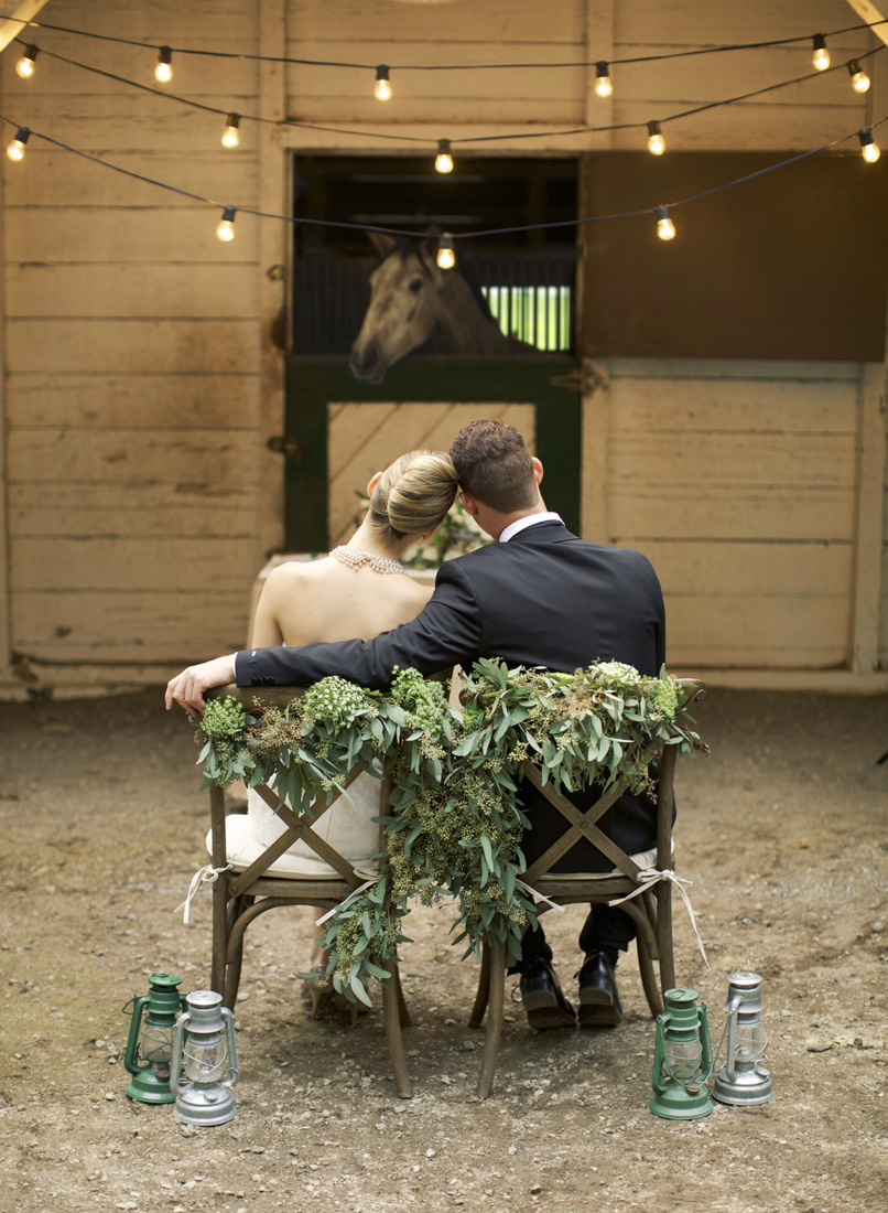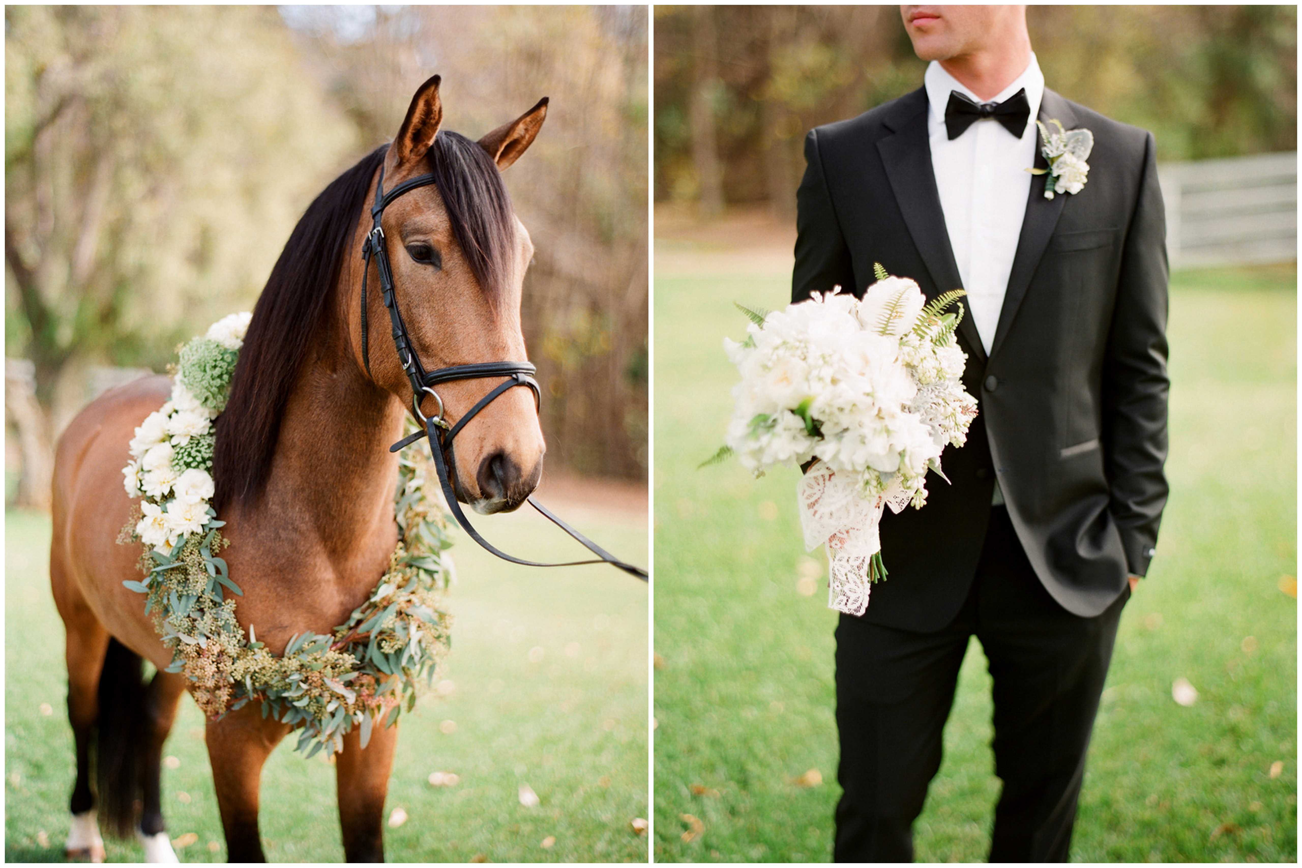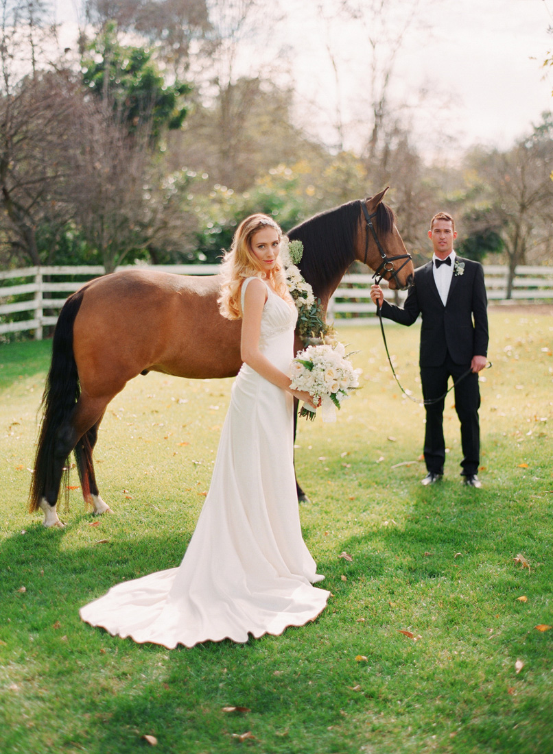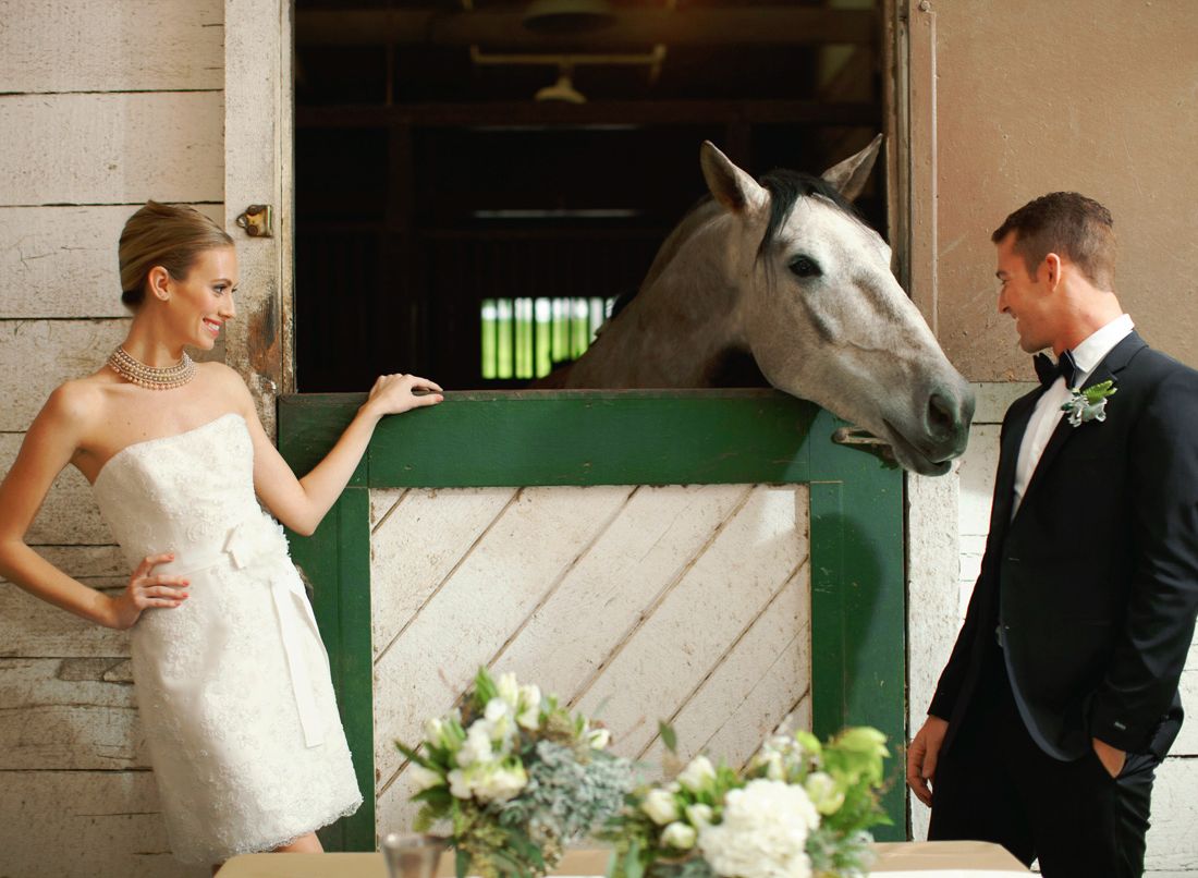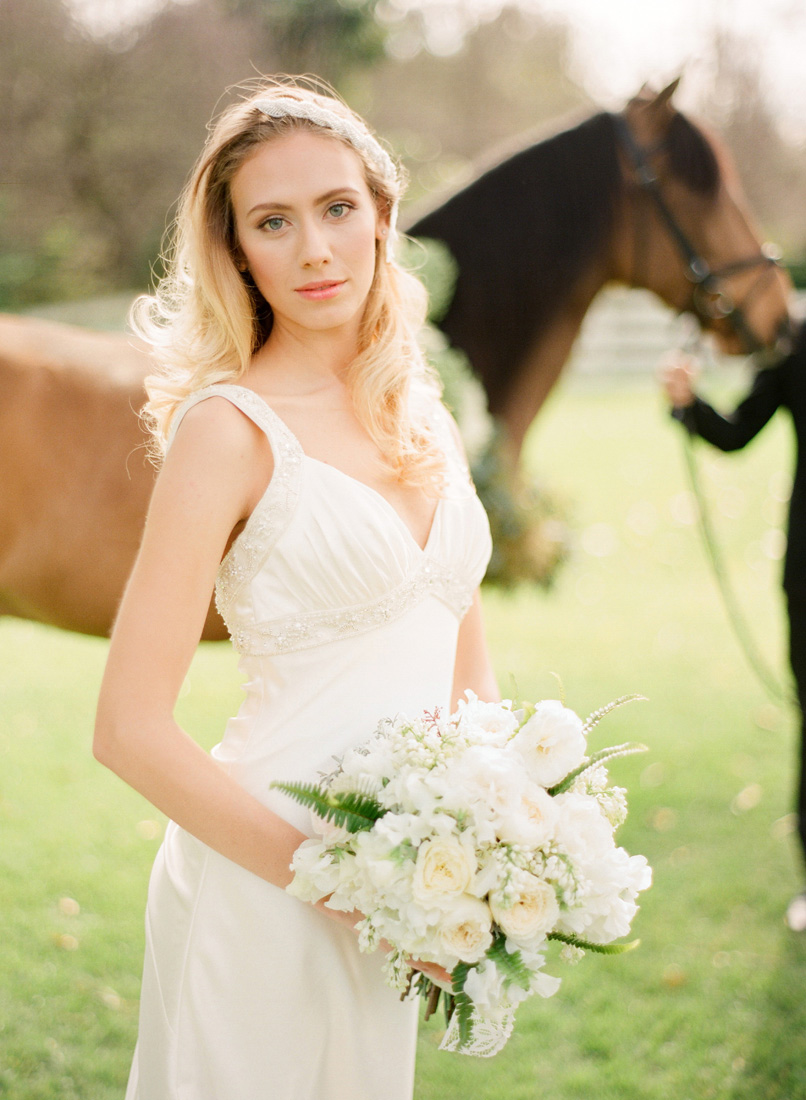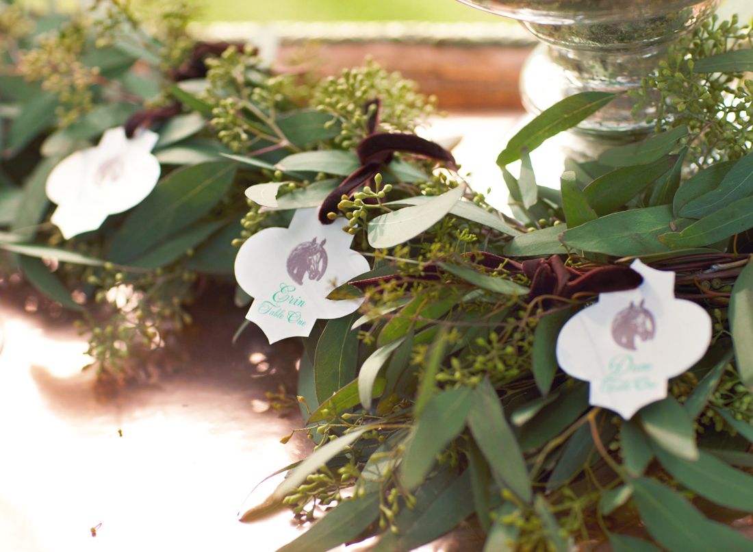 There is so much inspiration in this gorgeous equestrian garden wedding shoot that was featured in Utterly Engaged! Natural flowers combined with equestrian elements celebrate the surrounding earthy, green landscape. The rustic tablescape blends masculine elements of deep wood and clean lines with elegant flowing drapery and romantic candelabras. We love the flowers designed by Oak and the Owl, especially the bridal bouquet of garden roses, sweet pea and astilbe. This romantic shoot was planned and designed by Twine Events, who so perfectly created this timeless style. I love the green accents on the stationery, and how creative are the name cards tied into the centerpiece! The Bay horse looks dashing with his green and white wreath, and brings a touch of whimsy to this classic shoot.
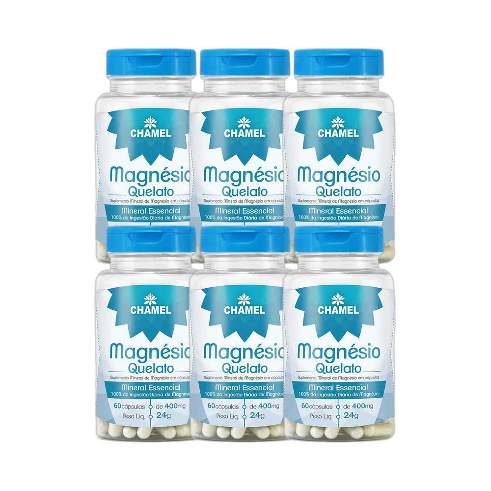 Kit 6x Vitamina Magnésio Quelato 360mg 60 Cápsulas - CHAMEL
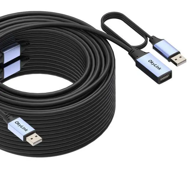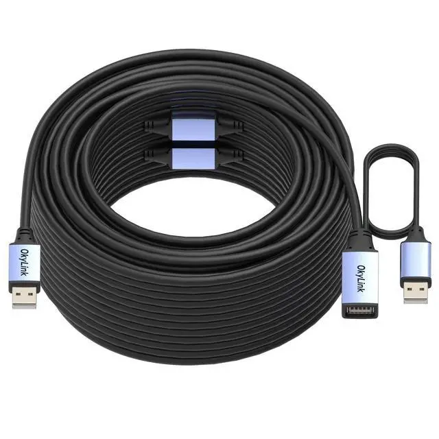 8ft) maintain full 480Mbps performance without requiring external aux power. Perfect for desk setups and shorter runs. ^^ Long-Length 1550M ( 49.2164 ft) Optional External aux power Active USB A to A extension cables 15 meters and above ( 49.2 ft+) include a built-in 0.8M / 2.6 ft USB-A aux power cable at the device end. Connect to a wall charger, USB hub, or nearby USB port for enhanced stability with high-aux power devices or long-distance setups. ^^ Durable Construction & Broad Compatibility Reinforced aluminum alloy connectors and high-strength PVC cable provide durability, anti-interference, and heat dissipation.
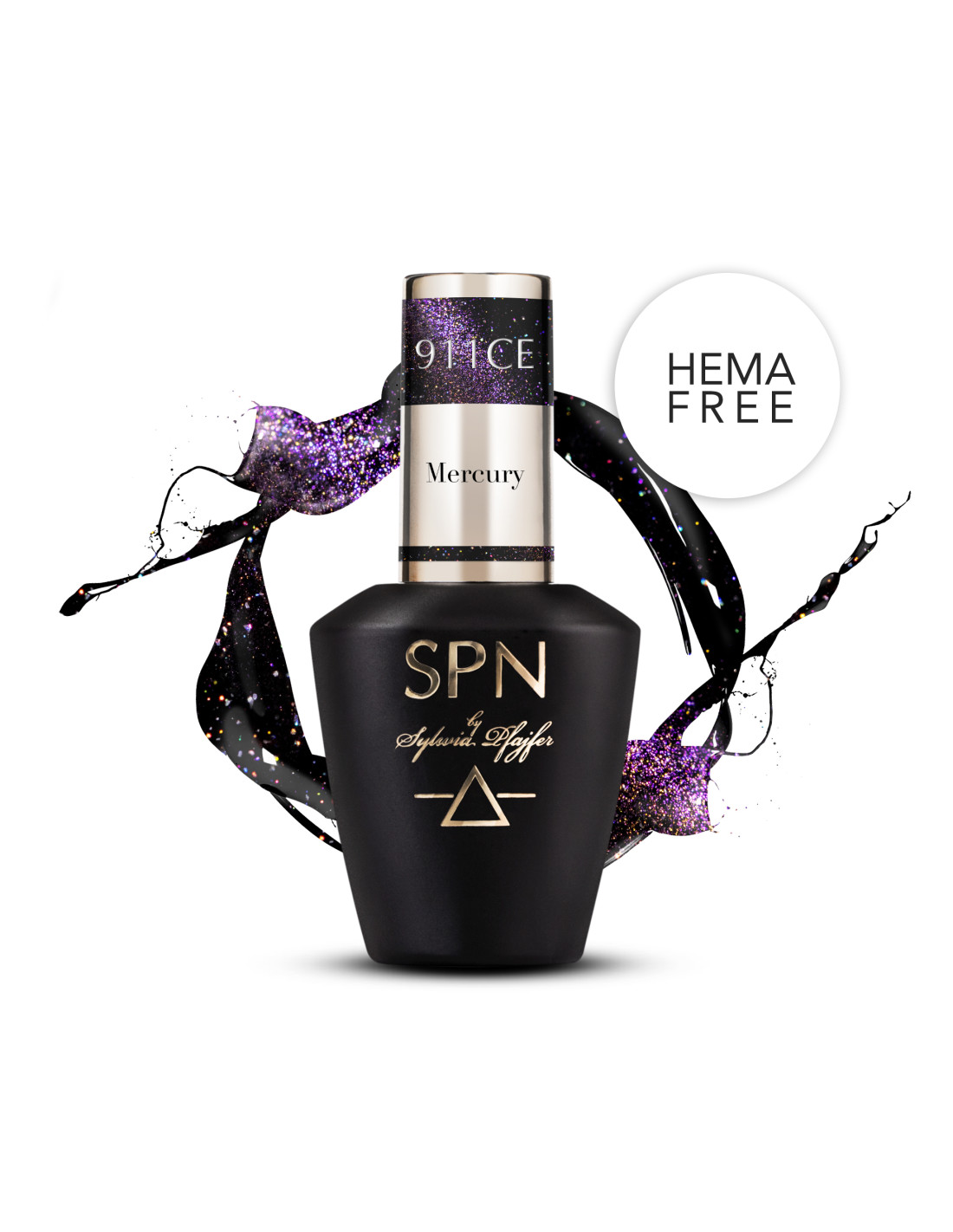 911CE Mercury to lakier hybrydowy z efektem kociego oka, który daje kosmiczną poświatę z połączenia kolorów: fioletowego i żółtego.

**YOUR GOAL:**
Skip the pictures. Write out exactly the lines from the one with "Kit 6x Vitamina" through the last line of the listing, both ends included, and nothing more.

**TASK OUTPUT:**
 Kit 6x Vitamina Magnésio Quelato 360mg 60 Cápsulas - CHAMEL
 8ft) maintain full 480Mbps performance without requiring external aux power. Perfect for desk setups and shorter runs. ^^ Long-Length 1550M ( 49.2164 ft) Optional External aux power Active USB A to A extension cables 15 meters and above ( 49.2 ft+) include a built-in 0.8M / 2.6 ft USB-A aux power cable at the device end. Connect to a wall charger, USB hub, or nearby USB port for enhanced stability with high-aux power devices or long-distance setups. ^^ Durable Construction & Broad Compatibility Reinforced aluminum alloy connectors and high-strength PVC cable provide durability, anti-interference, and heat dissipation.
 911CE Mercury to lakier hybrydowy z efektem kociego oka, który daje kosmiczną poświatę z połączenia kolorów: fioletowego i żółtego.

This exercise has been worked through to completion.